Explore using speech synthesis/recognition to prevent needing to use Narrator/Win+H
Talking to an AI without having to type could be pretty magical.
Talking: Win+H for entering speech is painless, but most people don't know it exists.
Listening: Turning on Narrator just to read out responses is more than your average user wants.
There are APIs to do this directly. Try them?
If those work well, can add buttons to 🎙️ and 👂/🔉 to the chat entry and chat responses respectively.
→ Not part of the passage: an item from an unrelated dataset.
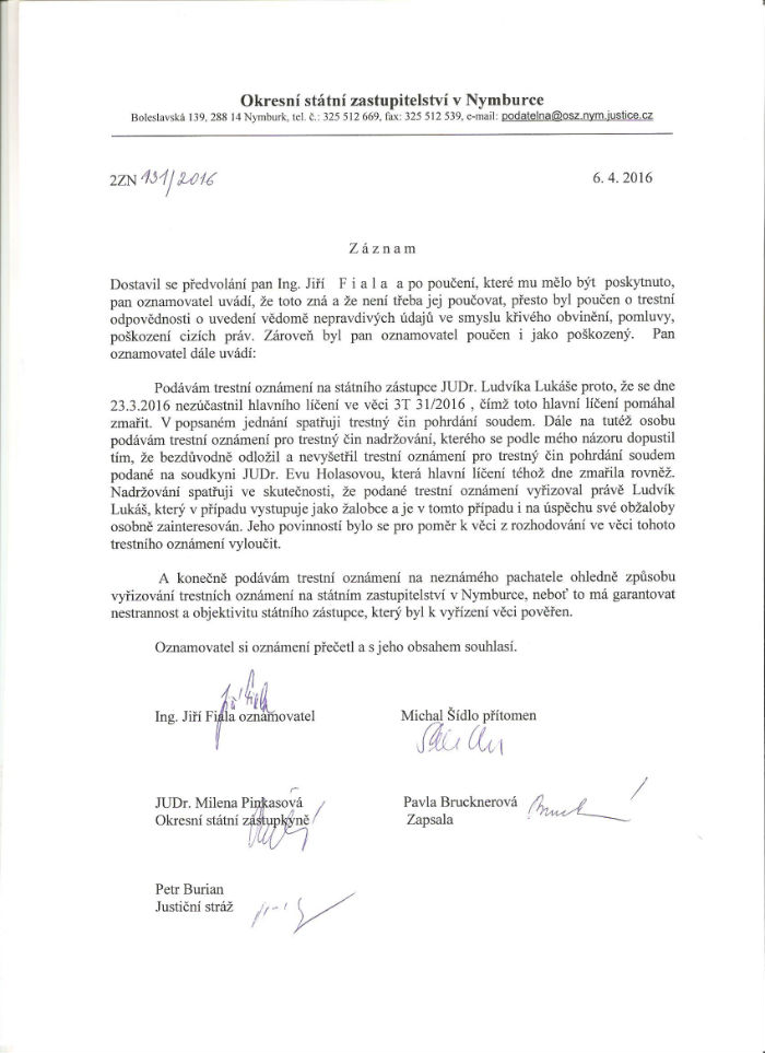 Na vedoucí státní zástupkyni OSZ v NB Milenu Pinkasovou jsme sice museli přes půl hodiny čekat, až se uvolí přijít s námi trestní oznámení sepsat, ale - dočkali jsme se ...

Had the AI take two cracks at doing this in C++/winrt. Here they are:
#include <winrt/Windows.Foundation.h>
#include <winrt/Windows.Media.SpeechSynthesis.h>
#include <winrt/Windows.Media.PlayTo.h>
#include <iostream>
namespace winrt = winrt::Windows;
using namespace winrt::Windows::Media::SpeechSynthesis;
using namespace winrt::Windows::Media::PlayTo;
int main()
// Create SpeechSynthesizer object
auto synthesizer = SpeechSynthesizer();
// Convert text to speech
auto stream = synthesizer.SynthesizeTextToStreamAsync(L"Hello, world!").get();
// Play audio
auto buffer = winrt::Windows::Storage::Streams::Buffer(stream.Size());
stream.ReadAsync(buffer, buffer.Capacity(), InputStreamOptions::None).get();
winrt::com_ptr<PlayToSource> source;
// Wait for audio to finish playing
while (source->PlaybackRate() != 0.f) {}
return 0;
// Create an instance of the SpeechSynthesizer.
winrt::Windows::Media::SpeechSynthesis::SpeechSynthesizer synth;
// Retrieve the first female voice.
winrt::Windows::Media::SpeechSynthesis::VoiceInformation voiceInfo = (synth.AllVoices()).GetAt(0);
// Set the voice.
// Generate the audio stream from plain text.
winrt::hstring text = L"Hello world";
winrt::Windows::Media::SpeechSynthesis::SpeechSynthesisStream stream = synth.SynthesizeTextToStream(text);
// Play the audio stream.
winrt::Windows::UI::Xaml::Controls::MediaElement mediaElement;
mediaElement.SetSource(stream, stream.ContentType());
Your mileage may vary.
Code that works:
// Initialize a new SpeechSynthesizer
using (SpeechSynthesizer synth = new SpeechSynthesizer())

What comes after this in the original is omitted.